Not so much when to make cuts, as what cuts to make.

R&D expenditures are a portion of total expenses.  Whan revenues and profits are off, you look to cut expenses to bring them in line with revenues, and R&D expenditures will be a target to reduce.

What isn't hitting its target is overall revenue and profit, so cuts get made.

Like any other high-tech player, Intel will have a number of R&D irons in the fire, working on what might become future products or improvements in underlying technology.  At a guess, the ones dropped/postponed will be the more speculative efforts with a longer timeline to bring to fruition.

I had just been optimistically thinking that things were turning up for Intal and the industry as a whole.


Hope springs eternal and all, but the industry is cyclic.  Any capital intensive industry will be.  They tend to "boom and bust" cycles, depending upon the state of the overall economy they are in.

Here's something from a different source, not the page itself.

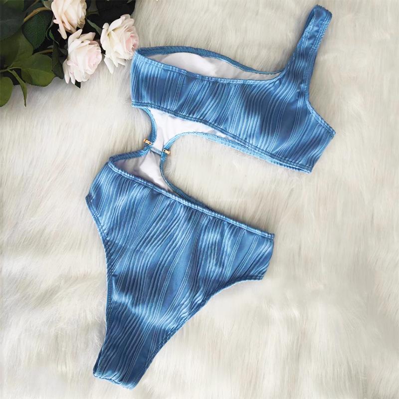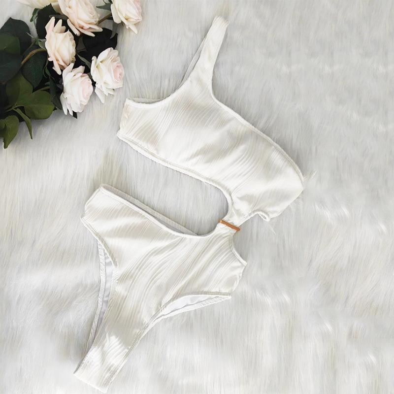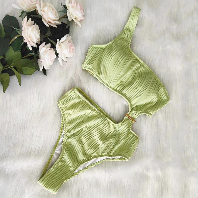 Compra Traje de Baño Entero Monohombro de Color Sólido Transfronterizo Europeo y Americano Nuevo 2025 Bikini Sexy para Mujer en Stock al por mayor en Joom.pro

The industry overall seems to be doing well enough, but the segment Intel is in is not.  The uses to which the technology are put have been shifting to areas where Intel has historically not been competitive, and Intel is playing catchup.  When the market for chips is increasingly in devices where power is the scarce resource and power consumption is a critical factor, and your chips simply use more power to perform an equivalent task than your competition, you have problems.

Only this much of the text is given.